From the listing below, output the lines between the one with "当地时间3月17日18时意大" and the one with "Ce miroir à", including those two, and nothing else. Pictures are not copied.

Task inputs:
=====
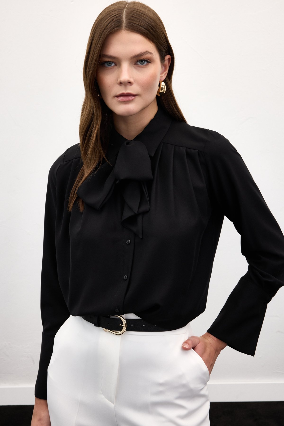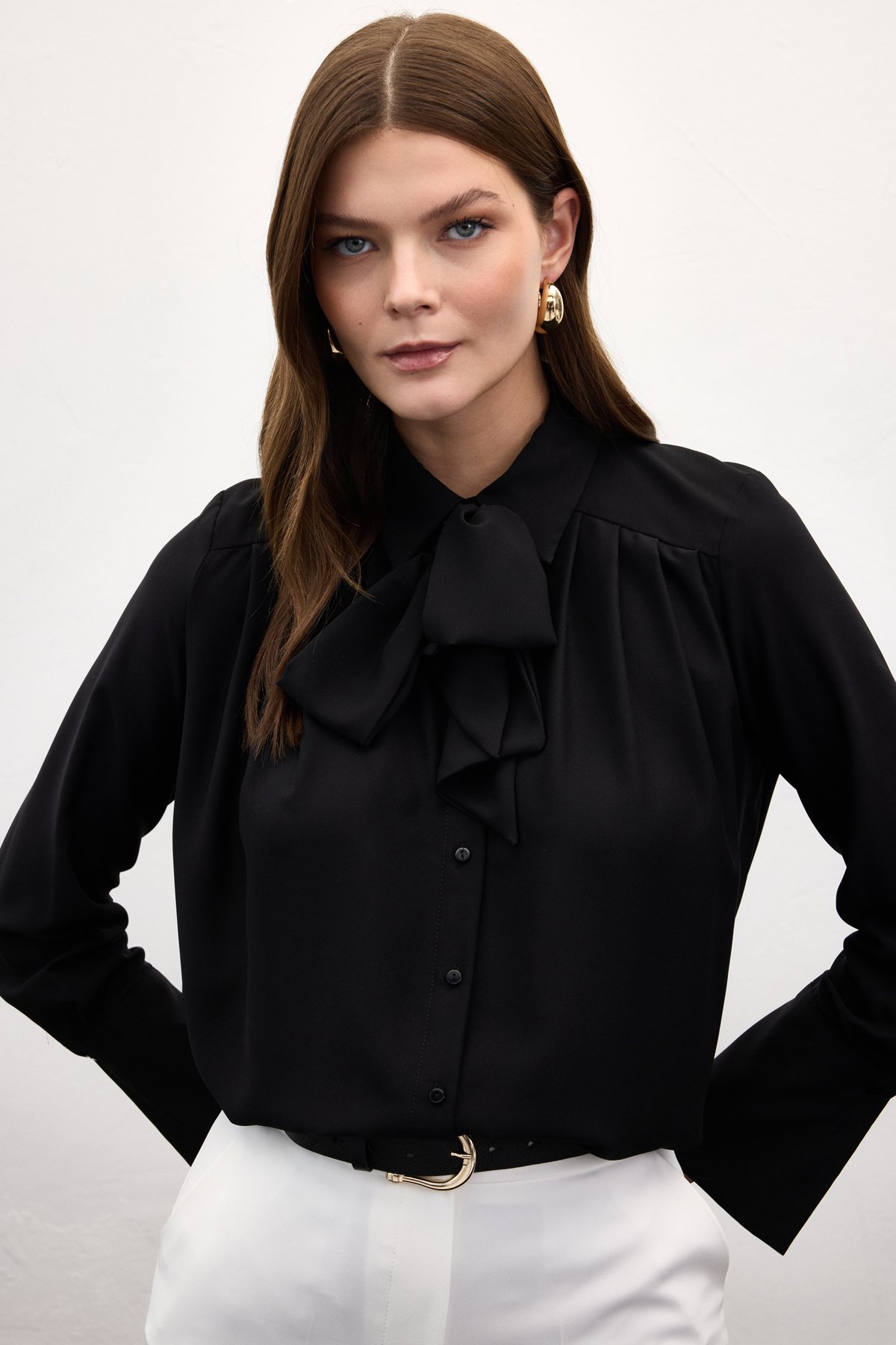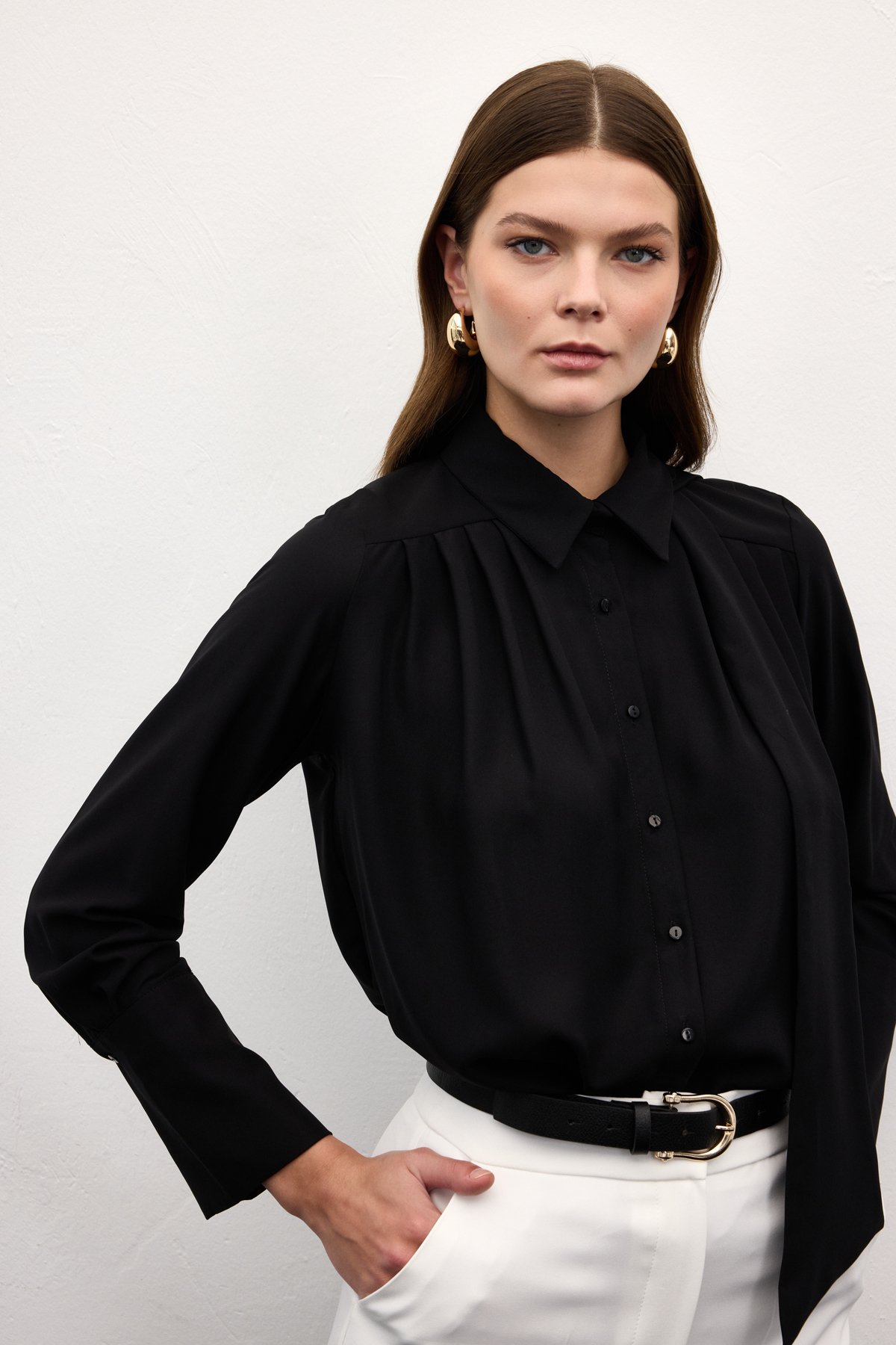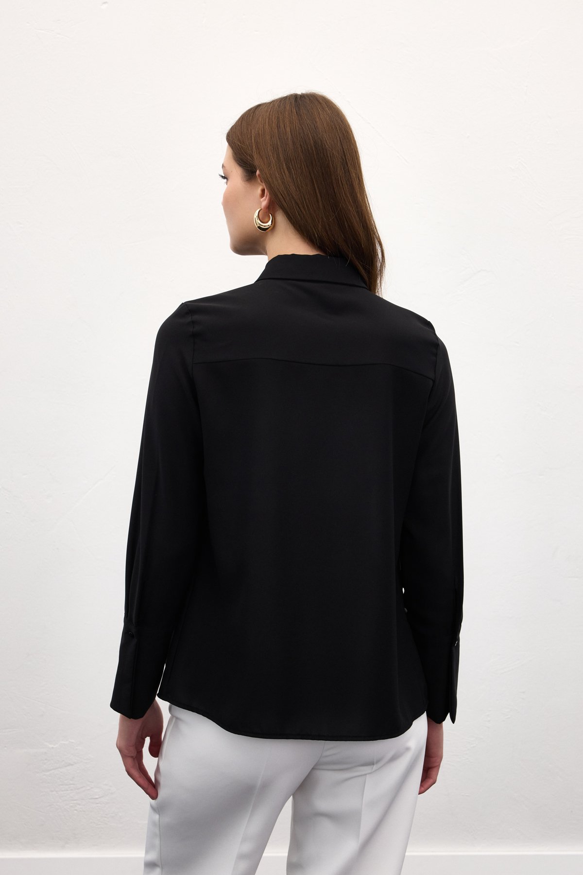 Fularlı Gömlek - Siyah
=====
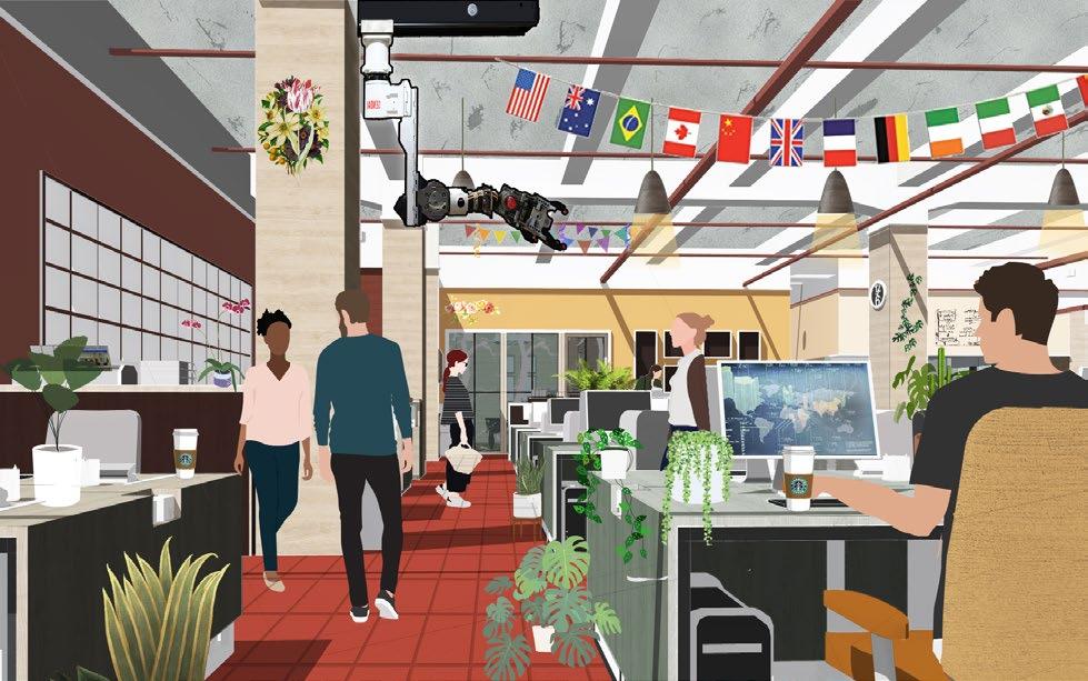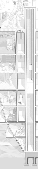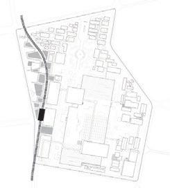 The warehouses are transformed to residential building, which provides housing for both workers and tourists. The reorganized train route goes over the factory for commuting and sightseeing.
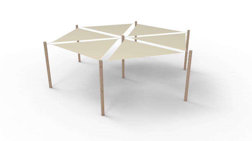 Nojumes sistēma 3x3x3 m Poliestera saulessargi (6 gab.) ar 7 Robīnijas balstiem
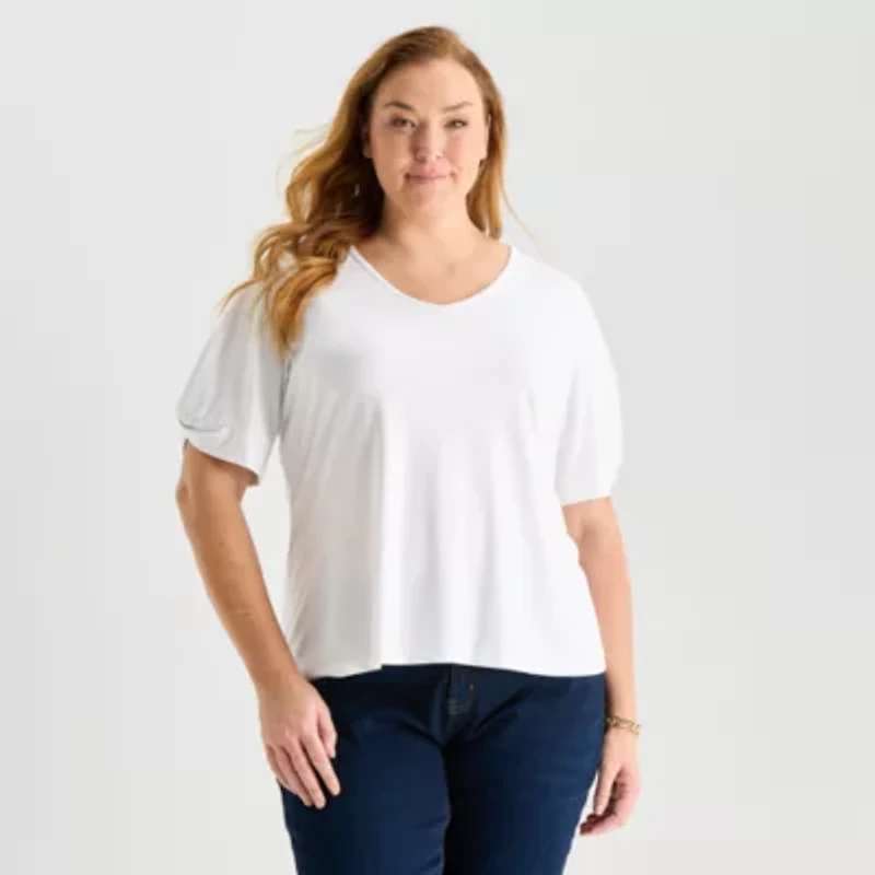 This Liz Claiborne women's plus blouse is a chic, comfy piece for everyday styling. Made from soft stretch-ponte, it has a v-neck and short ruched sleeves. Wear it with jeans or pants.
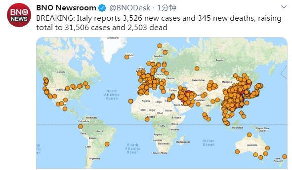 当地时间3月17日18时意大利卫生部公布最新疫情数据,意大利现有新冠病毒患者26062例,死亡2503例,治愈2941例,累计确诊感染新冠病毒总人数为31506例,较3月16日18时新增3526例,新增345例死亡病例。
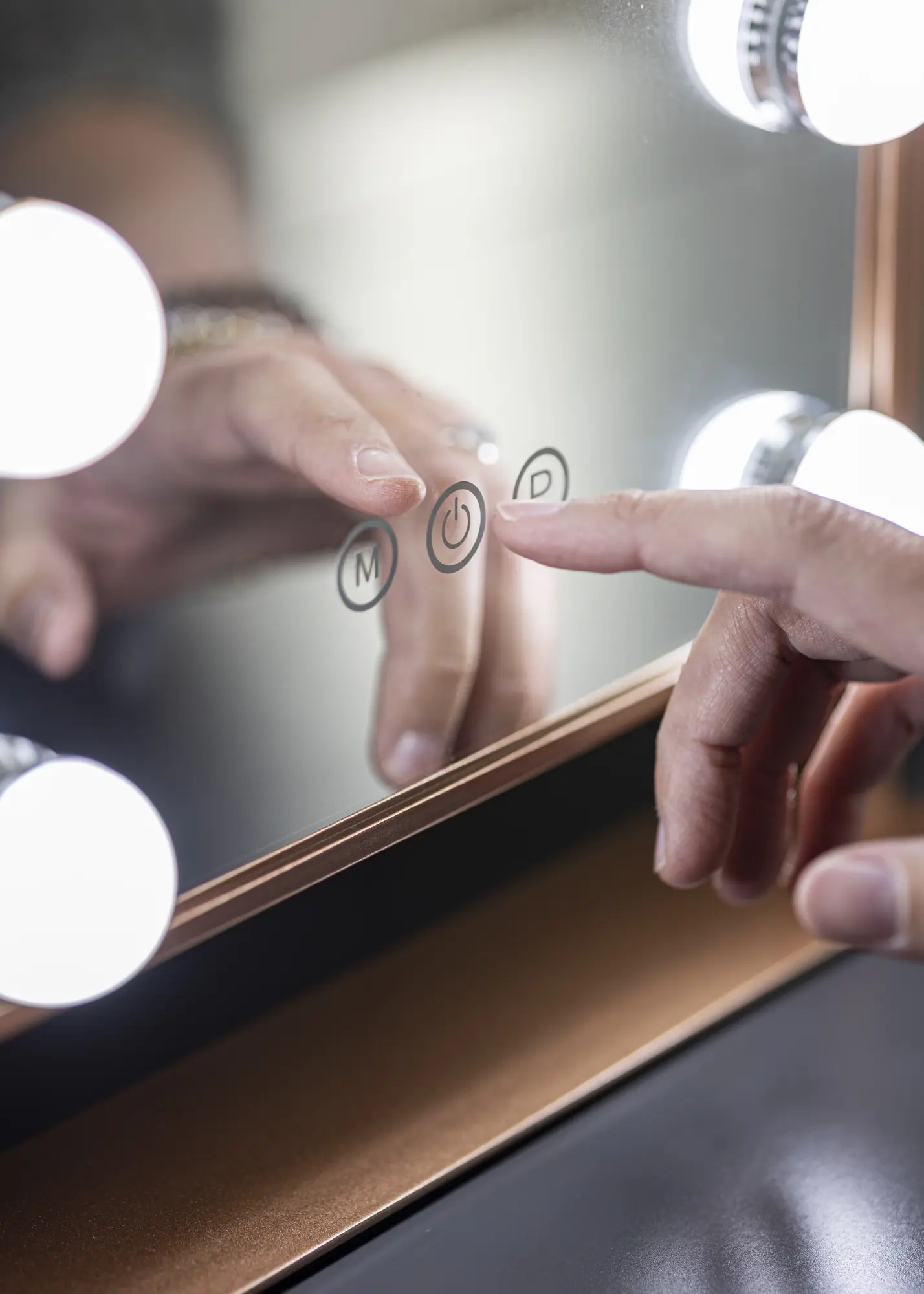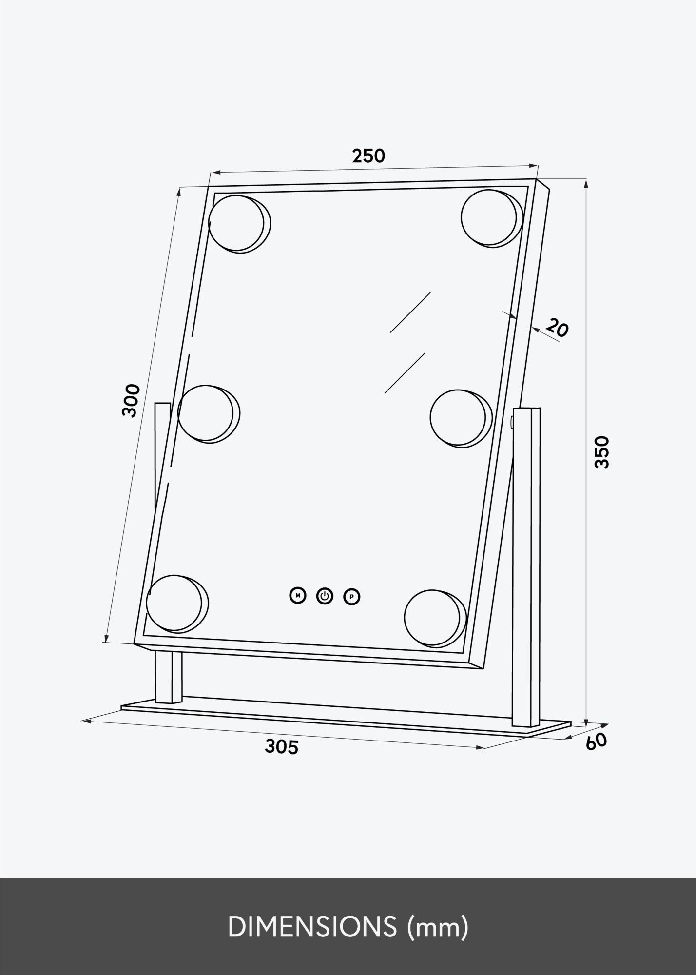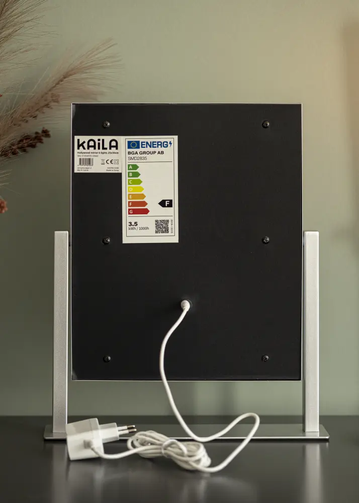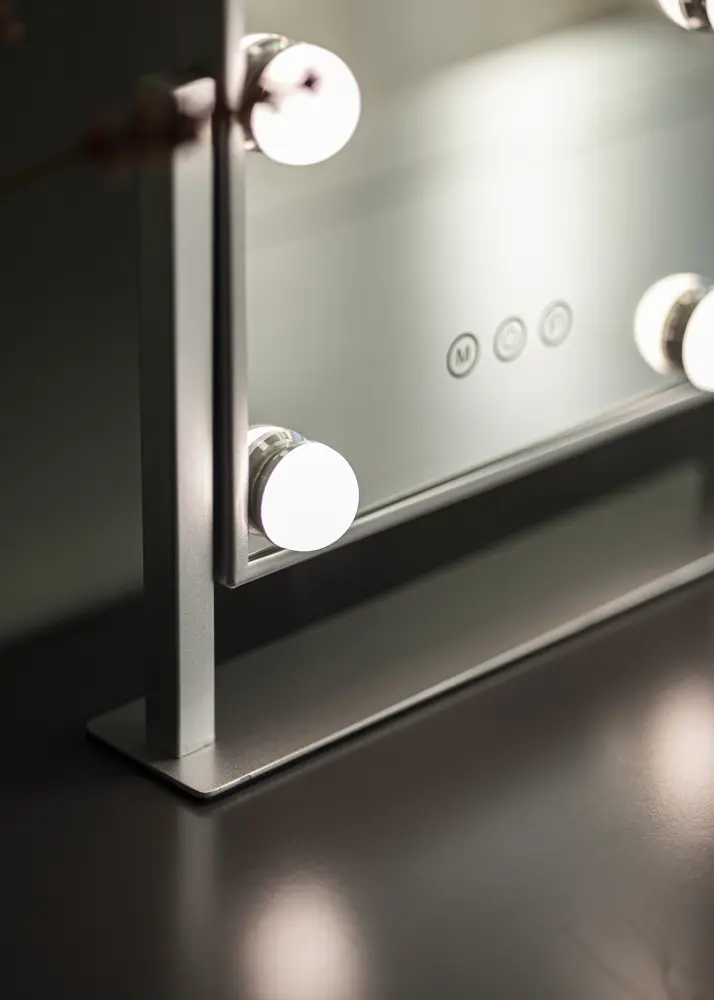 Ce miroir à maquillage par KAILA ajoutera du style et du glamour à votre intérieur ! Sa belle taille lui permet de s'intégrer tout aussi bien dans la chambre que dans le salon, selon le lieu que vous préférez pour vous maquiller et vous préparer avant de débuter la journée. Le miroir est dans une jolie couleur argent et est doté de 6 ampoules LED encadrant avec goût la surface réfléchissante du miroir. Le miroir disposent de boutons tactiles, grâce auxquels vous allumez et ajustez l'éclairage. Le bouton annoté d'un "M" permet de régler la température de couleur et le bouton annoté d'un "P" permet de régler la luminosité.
=====
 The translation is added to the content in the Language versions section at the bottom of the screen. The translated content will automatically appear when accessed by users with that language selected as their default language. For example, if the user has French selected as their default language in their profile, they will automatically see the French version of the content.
=====
Answer box:
 当地时间3月17日18时意大利卫生部公布最新疫情数据,意大利现有新冠病毒患者26062例,死亡2503例,治愈2941例,累计确诊感染新冠病毒总人数为31506例,较3月16日18时新增3526例,新增345例死亡病例。
 Ce miroir à maquillage par KAILA ajoutera du style et du glamour à votre intérieur ! Sa belle taille lui permet de s'intégrer tout aussi bien dans la chambre que dans le salon, selon le lieu que vous préférez pour vous maquiller et vous préparer avant de débuter la journée. Le miroir est dans une jolie couleur argent et est doté de 6 ampoules LED encadrant avec goût la surface réfléchissante du miroir. Le miroir disposent de boutons tactiles, grâce auxquels vous allumez et ajustez l'éclairage. Le bouton annoté d'un "M" permet de régler la température de couleur et le bouton annoté d'un "P" permet de régler la luminosité.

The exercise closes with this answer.